To the naked eye, the euro is still alive. From a financial perspective, on the other hand, it is already pretty much kaput.
In just the same way as the currency union was preceded by an invisible rise in financial integration across the euro area, its demise is already being prefigured by financial disintegration throughout the eurozone.
Up until relatively recently, the banks and investors responsible for the financial plumbing throughout Europe would tend to treat euros as euros. So, if you lent money to a Greek business it was entirely sensible to balance that out with a deposit from Germany or France. There really was a single market for finance – and this was one of the most important component parts of the monetary area.
What’s happening at present – silently but swiftly – is that banks have realised that some euros are more equal than others.

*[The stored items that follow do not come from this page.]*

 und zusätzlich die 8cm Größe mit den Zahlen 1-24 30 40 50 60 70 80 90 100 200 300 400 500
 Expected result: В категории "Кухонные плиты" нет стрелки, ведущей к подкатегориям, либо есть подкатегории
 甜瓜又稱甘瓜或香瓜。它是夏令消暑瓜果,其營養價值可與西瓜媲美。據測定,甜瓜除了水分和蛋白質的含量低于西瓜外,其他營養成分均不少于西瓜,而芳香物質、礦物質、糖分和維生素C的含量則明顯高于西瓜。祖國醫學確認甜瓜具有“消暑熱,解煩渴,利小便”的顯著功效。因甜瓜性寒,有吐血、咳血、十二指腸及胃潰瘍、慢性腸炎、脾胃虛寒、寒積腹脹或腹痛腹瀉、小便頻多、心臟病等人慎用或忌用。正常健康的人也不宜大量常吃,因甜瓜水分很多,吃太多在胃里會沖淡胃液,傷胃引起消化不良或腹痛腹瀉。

A German euro is not a Greek euro, and so on. Not only have they started to carry out “war games” to work out how their balance sheet would be affected if, suddenly, all those Greek assets were redenominated in drachmas, and were thus worth only half their previous value, they are also taking action.

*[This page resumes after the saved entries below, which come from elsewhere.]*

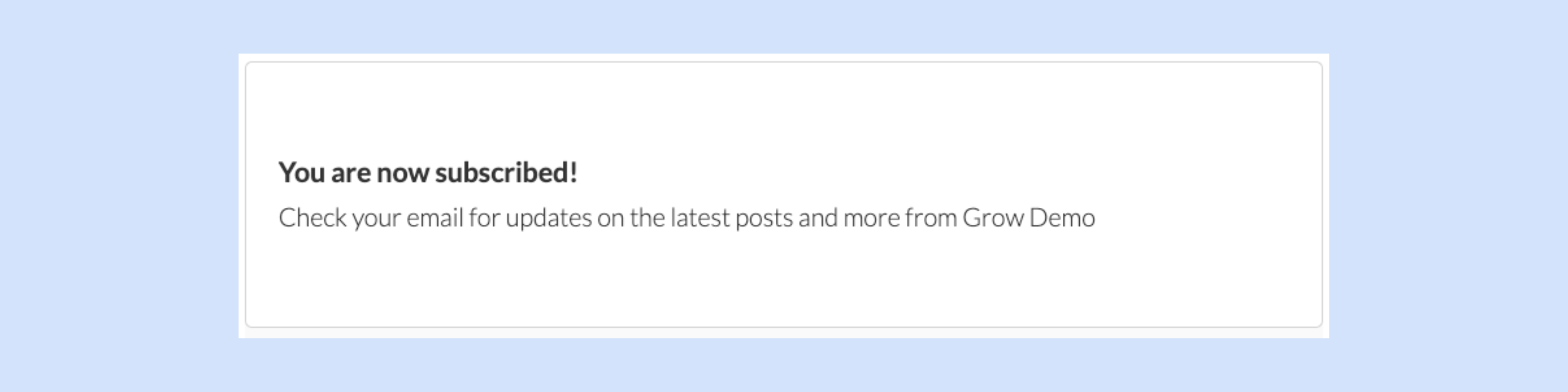 After the reader has clicked Subscribe and the consent box, they’ll get a confirmation message: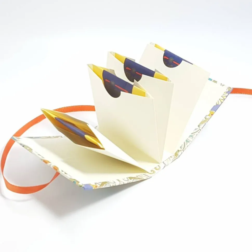 Die Decke des Teebeutelbuches besteht aus 1,5mm Buchbindergraupappe, überzogen mit einem Buntpapier im Stil der 50er. So kann in der Handtasche auch ruhig mal etwas schwereres darauf liegen, es verknickt nichts.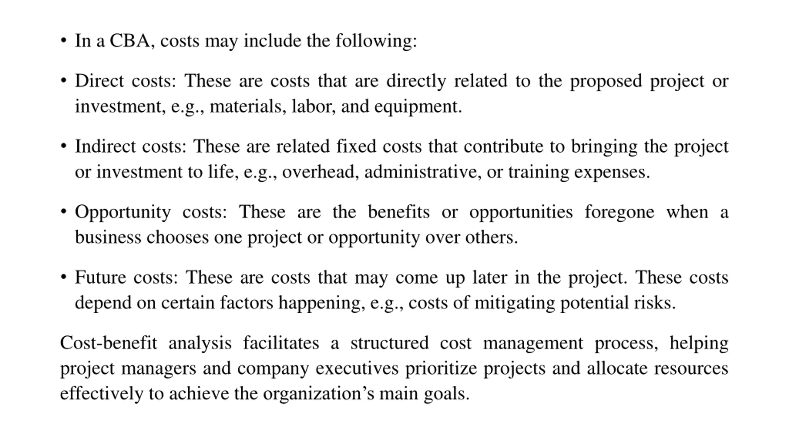 In a CBA, costs may include the following: Direct costs: These are costs that are directly related to the proposed project or investment, e.g., materials, labor, and equipment. Indirect costs: These are related fixed costs that contribute to bringing the project or investment to life, e.g., overhead, administrative, or training expenses. Opportunity costs: These are the benefits or opportunities foregone when a business chooses one project or opportunity over others. Future costs: These are costs that may come up later in the project. These costs depend on certain factors happening, e.g., costs of mitigating potential risks. Cost-benefit analysis facilitates a structured cost management process, helping project managers and company executives prioritize projects and allocate resources effectively to achieve the organization s main goals.

Banks from around the world are attempting to ensure that any assets they have in Greece are matched against liabilities in Greece. The same goes for all of the embattled periphery countries, and even for other euro members.
You can get a sense of this from the following chart (source: Jefferies), which shows you the proportion of sovereign debt owned by foreign investors in certain eurozone countries.
Note that in Germany, France and Austria the proportion has remained the same (or has increased) between 2009 and 2011, but in other countries it has fallen – in other words foreign investors have pulled out to be replaced by domestic investors (the Netherlands is the outlier here, since it is generally regarded as a stronger euro member).
Another pretty striking illustration of this financial disintegration can be seen in the chart below, which charts the yields on benchmark Spanish government bonds (the yellow line) and compares them with the yields on German bonds.
Note that in 2005 and 2006, investors were charging the two governments precisely the same interest rate to lend them money. But a gap started to open up from mid 2007 onwards, as they started to realise that a euro of Spanish debt carried a significantly greater risk than the German stuff.
If you ‘re a bank or insurance company and think that the euro could split up, it’s only sensible to try to make sure your assets and liabilities are in the same country – so that if Greece left the euro, then at least your (30% reduced value) assets are matched against Greek (30% reduced value) liabilities. Otherwise a euro exit could leave you insolvent overnight.
The problem is that this makes the plight of those troubled euro members even tougher, as they get starved of cash from overseas lenders. They face a credit crunch of even greater proportions which makes their recessions deeper and longer, and lessen their chances of recovering, thus increasing the likelihood that they leave the currency.
It’s this dynamic, alongside the analogous phenomenon of the invisible Greek/Spanish bank runs, that mean the euro’s demise could be something which happens in spite of, rather than because of, politicians’ actions.